Hi everyone,

I have made note of a preference to use RemoveCurrentP instead of removing the current instruction from the assembler list due to an optimisation that warrants its removal.  This is fair enough because there are a number of steps that have to be taken and the procedure is largely the same each time, and subtle errors or memory leaks arising if a step is missed.  The full process is rather expensive, however, with calls to both UpdateUsedRegs and GetNextInstruction, and there are cases where it is a waste to call them (for the former, when removing multiple adjacent instructions; for the latter, when the next instruction is already known).

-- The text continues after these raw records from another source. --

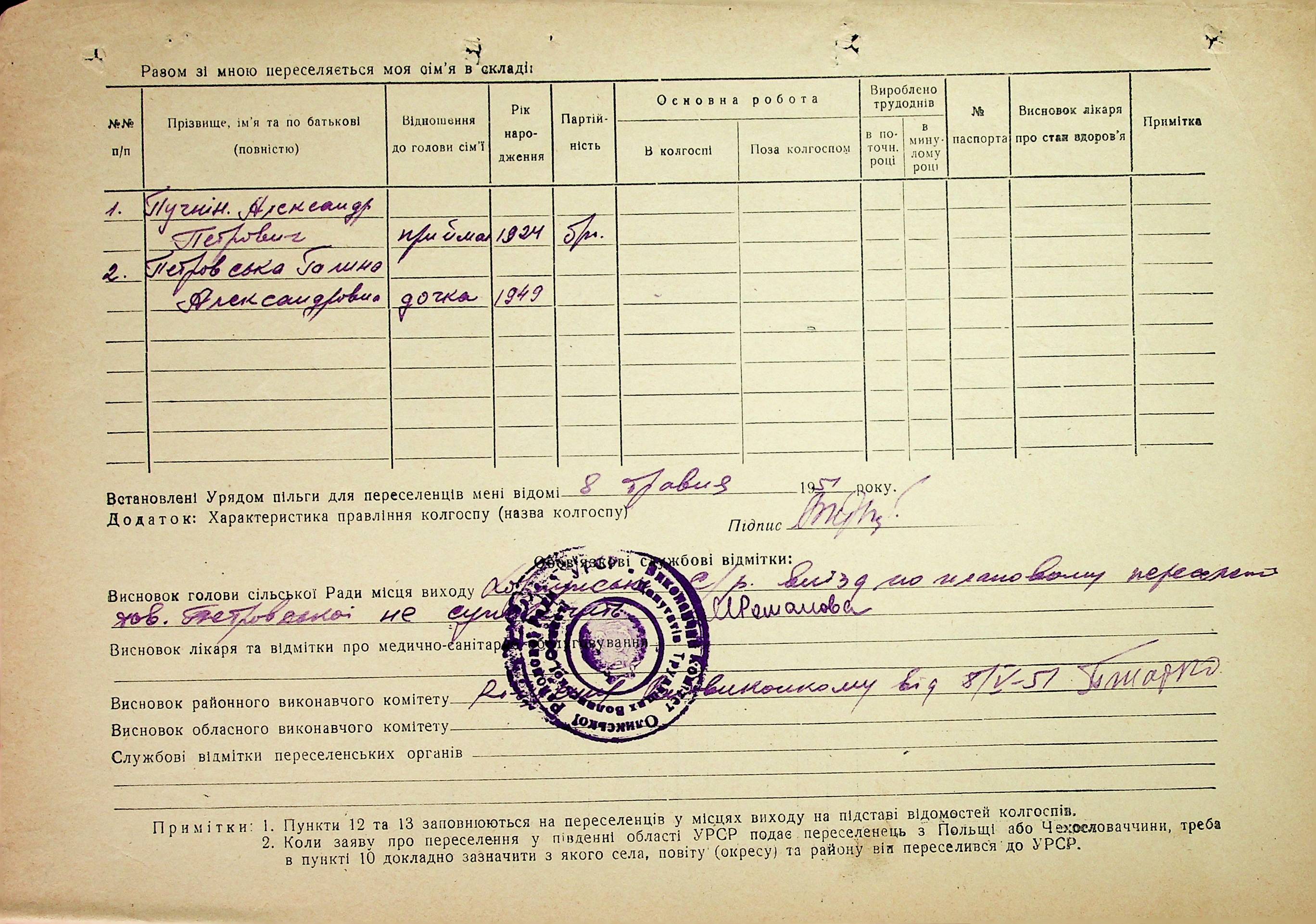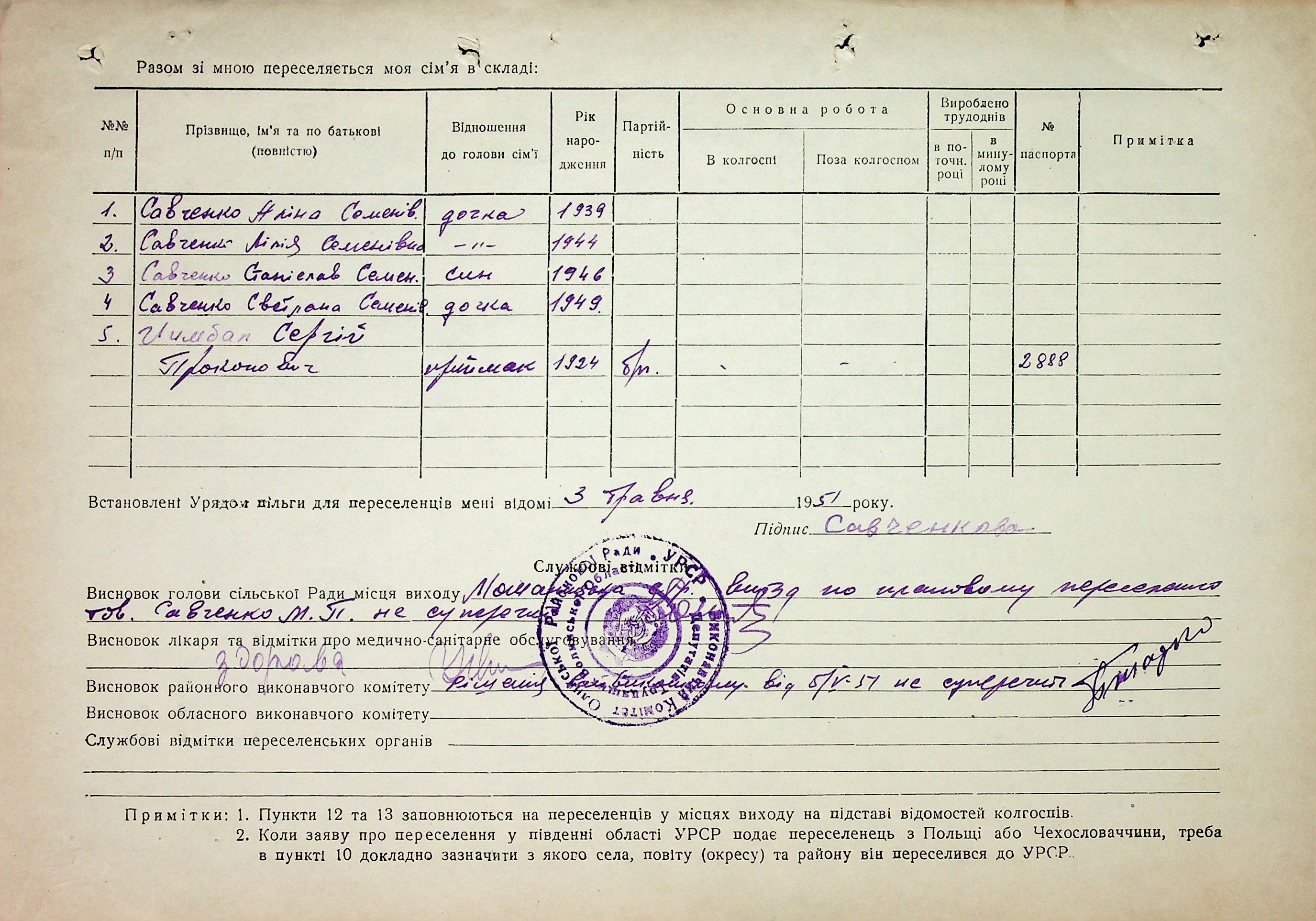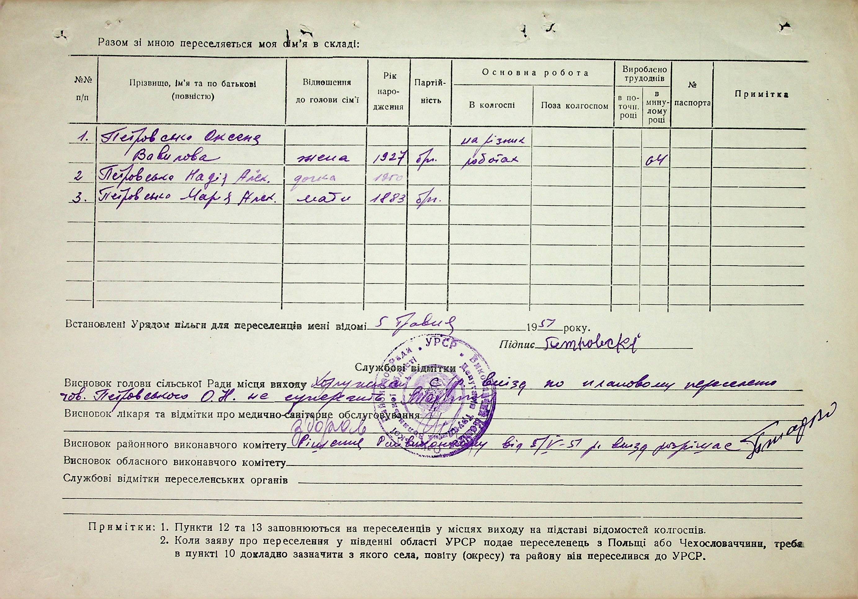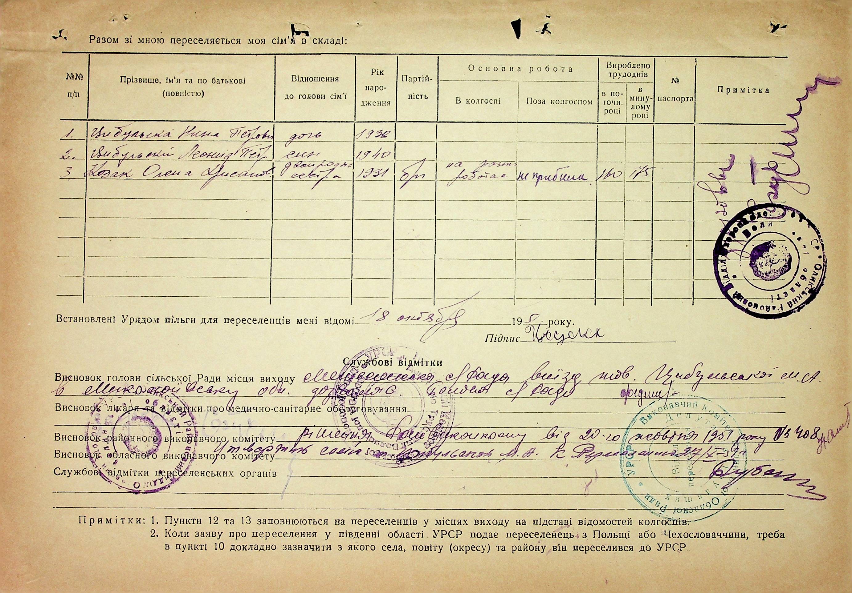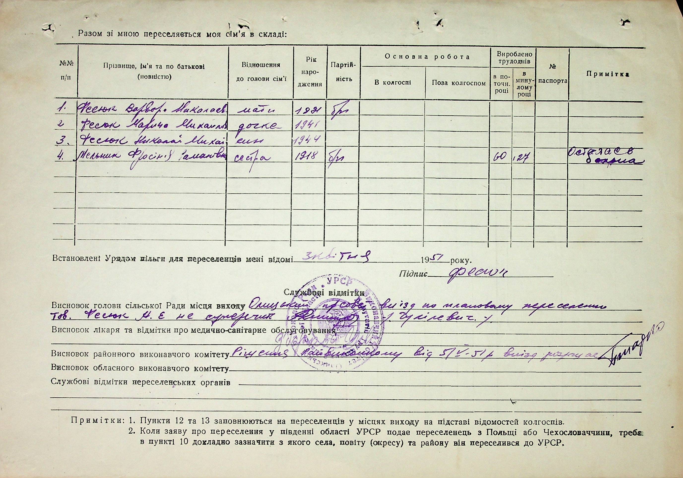 • • • • Справа № 73 “Анкети-заяви про планове переселення сімей з Волинської до Миколаївської області”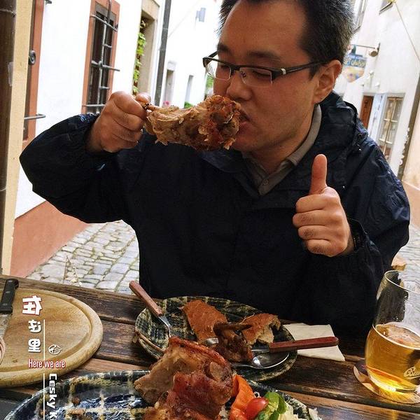 晚饭我和小米选择的是CK小镇最著名的KRCMA SATLAVA地窖餐厅,地窖餐厅是我在出发前就已经写邮件预定好的,餐厅回复邮件速度挺快,大概也就半个小时就会知道是否预定成功。在地窖餐厅我们又吃了一次烤大猪肘子,这...晚饭我和小米选择的是CK小镇最著名的KRCMA SATLAVA地窖餐厅,地窖餐厅是我在出发前就已经写邮件预定好的,餐厅回复邮件速度挺快,大概也就半个小时就会知道是否预定成功。在地窖餐厅我们又吃了一次烤大猪肘子,这个量两个人点一份绝对够够的,在来点啤酒,要是能有凉菜或者花生米就更好了。在地窖餐厅,遇到都是咱国人,有上海的、还有浙江的,最多的还是台湾人,我们还遇到了一个20人左右的台湾旅行团,导游直接放话酒管够喝,不要客气,搞的我以为在东北。也不知道怎么地窖餐厅的名气这么大,如果没有提前预定的话,周围的餐馆也都不错。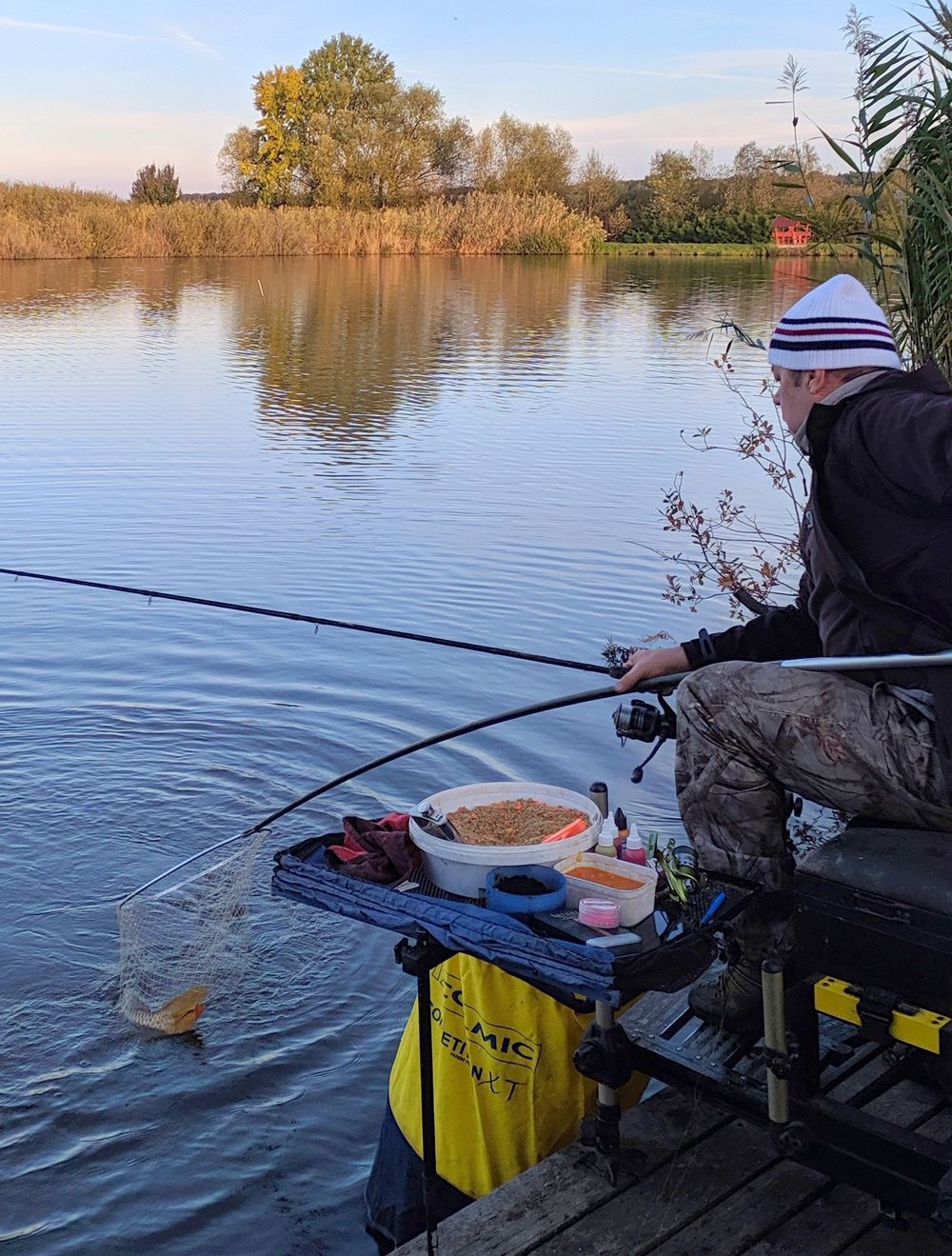 Egy hosszúelőkés cuccal etetek, szépen pontosan minden dobás ugyanoda egy olyan húsz méteres távot választottam. Gilisztacsokor felrakva, erőgumi beépítve a szerkóba, meglepetés nem érhet. Na lássuk a másik botot, akkor egy method kosaras felszerelés és szeder pellettel kezdünk, egy csepp krill aromával bolondítva, hátha…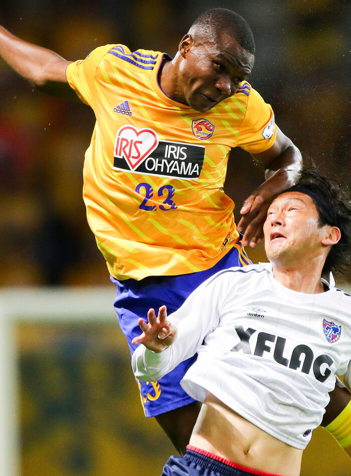 6月にセンターバックとして出場後、DFラインの中心として絶対的な存在となったモザンビーク国籍のシマオマテ。人への強さ、高さ勝負の強さといった部分ではJリーグの中でも圧倒的な存在で、6月のリーグ戦4連勝に貢献し、Jリーグ月間MVPも受賞した。ピッチを離れると、愛らしい笑顔を見せることもあってか、サポーターの人気はうなぎ登りで、ソシオ・ファンクラブ感謝の集いでも、シマオとヤクブスウォビィクのブースには長蛇の列ができた。リーグ後半戦のポスターでも存在感は抜群。すっかり仙台の顔になった。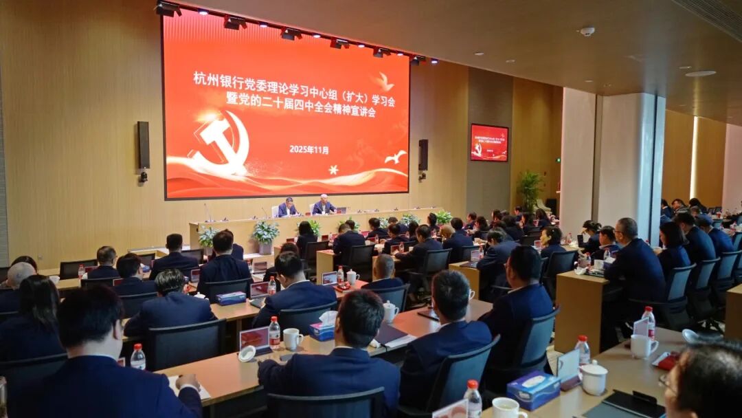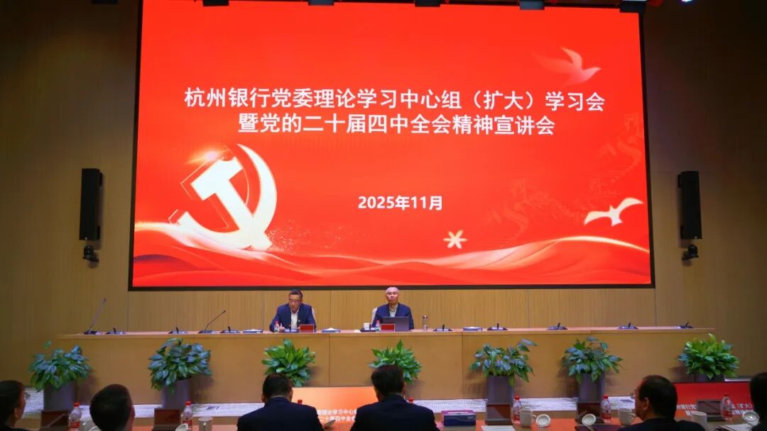 11月18日上午,杭州银行党委召开理论学习中心组(扩大)学习会暨党的二十届四中全会精神宣讲会,深入学习领会党的二十届四中全会精神,引导广大党员干部切实把思想和行动统一到党中央的决策部署上来,以更高站位、更大力度、更实举措谋划好、推进好“十五五”时期杭银高质量发展战略,全力打造中国价值领先的“优等生、好银行”。
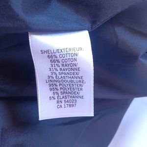 This skirt has pockets and a 3.5"-4.5" waistband. It is a cotton rayon blend with some spandex.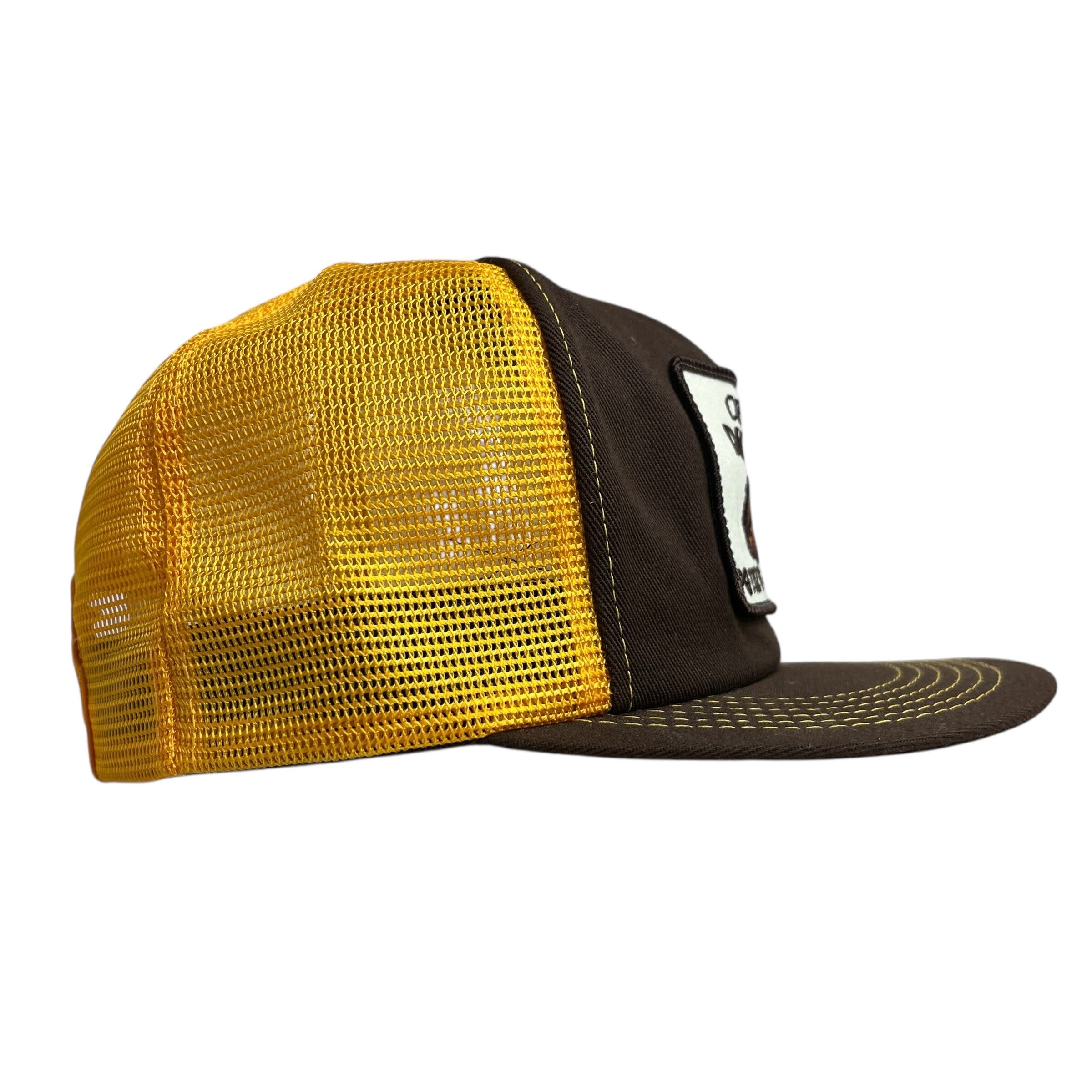 【キャップ/帽子】アメリカ製 USA製 ORTHO DIQUAT (オーソ・ダイクワット) ビンテージ メッシュキャップ ワッペン 企業物 企業ロゴ ブラウン 茶 イエロー 黄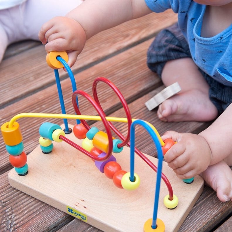 高強度のワイヤーを使用しており誤飲の心配がなく、0歳から安心して遊べます。指先の運動を促すだけでなく、色や形の認識、木玉が勢いよく滑り落ちる様子を楽しんだり…小さなお子さまが成長しても長く使える、飽きのこない玩具です。

https://bugs.freepascal.org/view.php?id=36797

This patch introduces a new version of RemoveCurrentP that takes a second parameter, but doesn't return a result - procedure RemoveCurrentP(var p: tai; const hp1: tai) - this is for situations where the next instruction is already known... or more simply, it simply sets p to hp1 once the original p is removed and freed, instead of calling GetNextInstruction.  Additionally, a number of calls to RemoveCurrentP where it's clear that hp1 came from GetNextInstruction have been changed to the new version. Note the old one still exists for when the next instruction is not known.

This patch is a pure refactor - it doesn't add any new features. As such, the prerequisites for its acceptance are that any binaries generated by the compilers do NOT change, and that the compiler runs slightly faster (which should be the case since the number of calls to GetNextInstruction have been reduced).

I like to think this draws a balance between performance and maintainability.